Entries shown:
▽
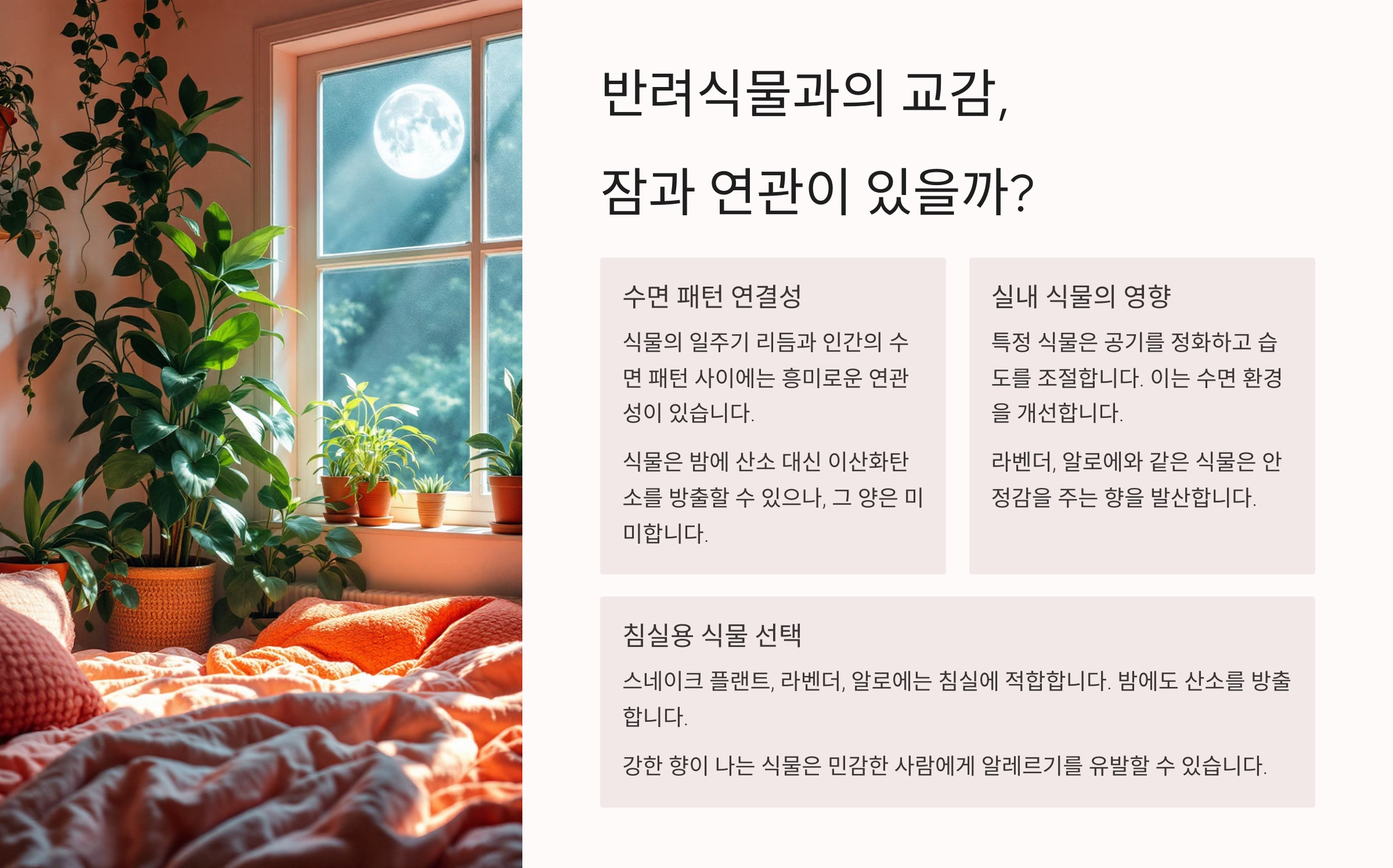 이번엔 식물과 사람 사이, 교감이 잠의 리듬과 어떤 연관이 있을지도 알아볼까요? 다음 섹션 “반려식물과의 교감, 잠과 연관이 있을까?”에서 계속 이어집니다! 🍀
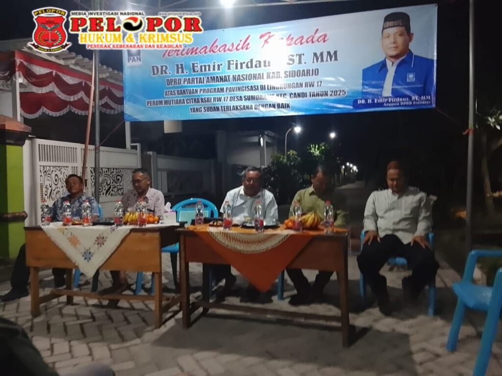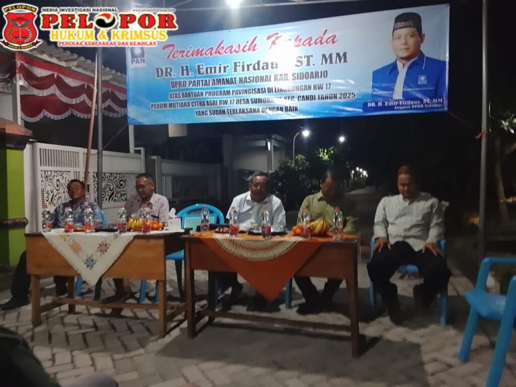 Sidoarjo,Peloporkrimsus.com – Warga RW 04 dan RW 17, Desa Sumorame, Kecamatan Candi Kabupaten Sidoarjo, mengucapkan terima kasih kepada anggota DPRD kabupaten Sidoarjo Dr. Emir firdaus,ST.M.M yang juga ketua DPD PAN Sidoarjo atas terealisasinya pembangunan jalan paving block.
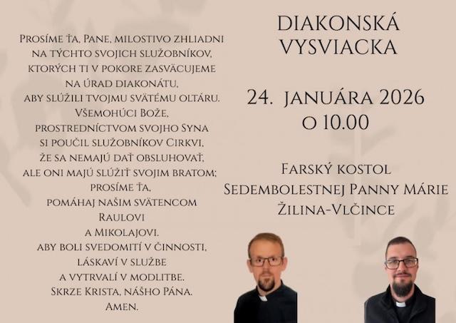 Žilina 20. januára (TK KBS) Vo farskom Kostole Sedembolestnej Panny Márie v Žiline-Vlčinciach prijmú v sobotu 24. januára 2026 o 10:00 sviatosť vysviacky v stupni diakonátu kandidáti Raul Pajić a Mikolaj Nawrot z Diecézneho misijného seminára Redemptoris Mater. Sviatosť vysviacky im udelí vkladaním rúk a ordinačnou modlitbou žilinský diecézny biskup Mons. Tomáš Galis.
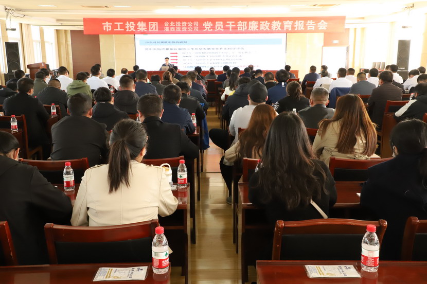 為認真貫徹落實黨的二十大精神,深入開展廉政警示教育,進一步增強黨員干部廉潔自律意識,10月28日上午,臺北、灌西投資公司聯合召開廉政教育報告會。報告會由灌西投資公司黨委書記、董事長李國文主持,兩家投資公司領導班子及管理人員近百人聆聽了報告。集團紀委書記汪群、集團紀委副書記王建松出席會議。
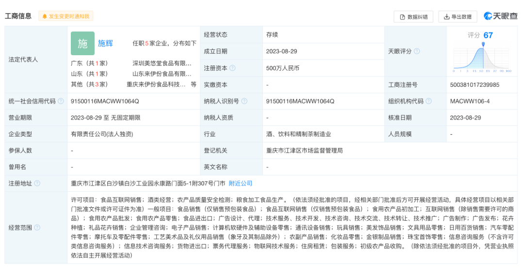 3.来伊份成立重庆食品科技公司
△
▽
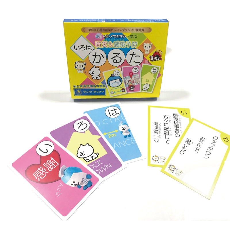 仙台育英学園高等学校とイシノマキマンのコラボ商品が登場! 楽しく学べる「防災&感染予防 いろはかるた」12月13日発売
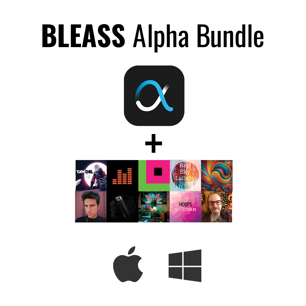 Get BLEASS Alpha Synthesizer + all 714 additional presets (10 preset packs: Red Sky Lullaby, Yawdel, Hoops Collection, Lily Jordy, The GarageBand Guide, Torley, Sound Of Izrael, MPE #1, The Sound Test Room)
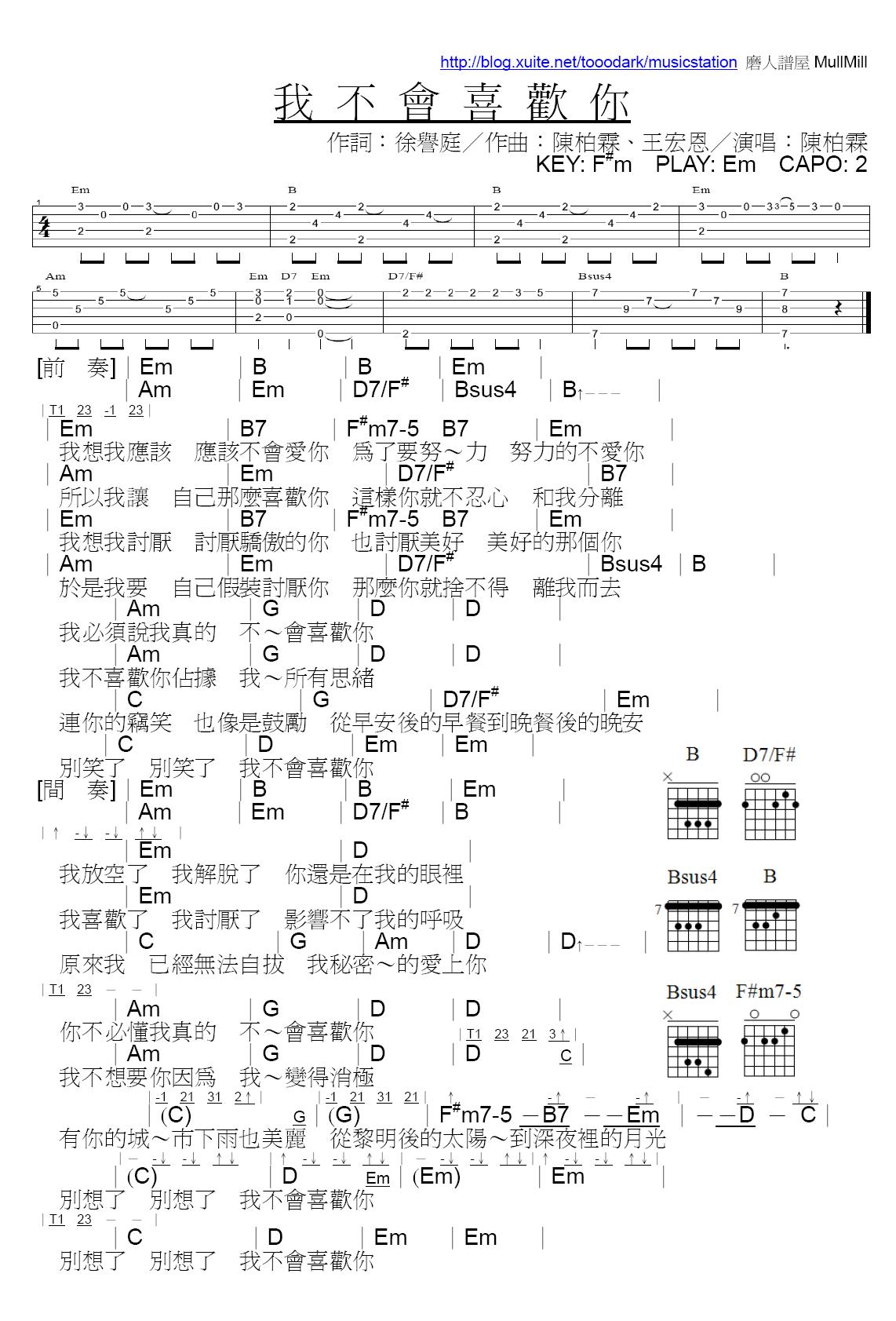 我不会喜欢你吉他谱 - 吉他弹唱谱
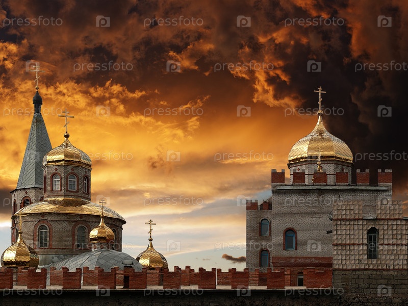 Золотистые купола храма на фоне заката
△
Task statement: Reproduce word for word, with pictures dropped, only the part of the material above that opens with the line containing "이번엔 식물과 사람 사이, 교감이" and closes with the line containing "3.来伊份成立重庆食品科技公司".

Answer to the problem:
 이번엔 식물과 사람 사이, 교감이 잠의 리듬과 어떤 연관이 있을지도 알아볼까요? 다음 섹션 “반려식물과의 교감, 잠과 연관이 있을까?”에서 계속 이어집니다! 🍀
 Sidoarjo,Peloporkrimsus.com – Warga RW 04 dan RW 17, Desa Sumorame, Kecamatan Candi Kabupaten Sidoarjo, mengucapkan terima kasih kepada anggota DPRD kabupaten Sidoarjo Dr. Emir firdaus,ST.M.M yang juga ketua DPD PAN Sidoarjo atas terealisasinya pembangunan jalan paving block.
 Žilina 20. januára (TK KBS) Vo farskom Kostole Sedembolestnej Panny Márie v Žiline-Vlčinciach prijmú v sobotu 24. januára 2026 o 10:00 sviatosť vysviacky v stupni diakonátu kandidáti Raul Pajić a Mikolaj Nawrot z Diecézneho misijného seminára Redemptoris Mater. Sviatosť vysviacky im udelí vkladaním rúk a ordinačnou modlitbou žilinský diecézny biskup Mons. Tomáš Galis.
 為認真貫徹落實黨的二十大精神,深入開展廉政警示教育,進一步增強黨員干部廉潔自律意識,10月28日上午,臺北、灌西投資公司聯合召開廉政教育報告會。報告會由灌西投資公司黨委書記、董事長李國文主持,兩家投資公司領導班子及管理人員近百人聆聽了報告。集團紀委書記汪群、集團紀委副書記王建松出席會議。
 3.来伊份成立重庆食品科技公司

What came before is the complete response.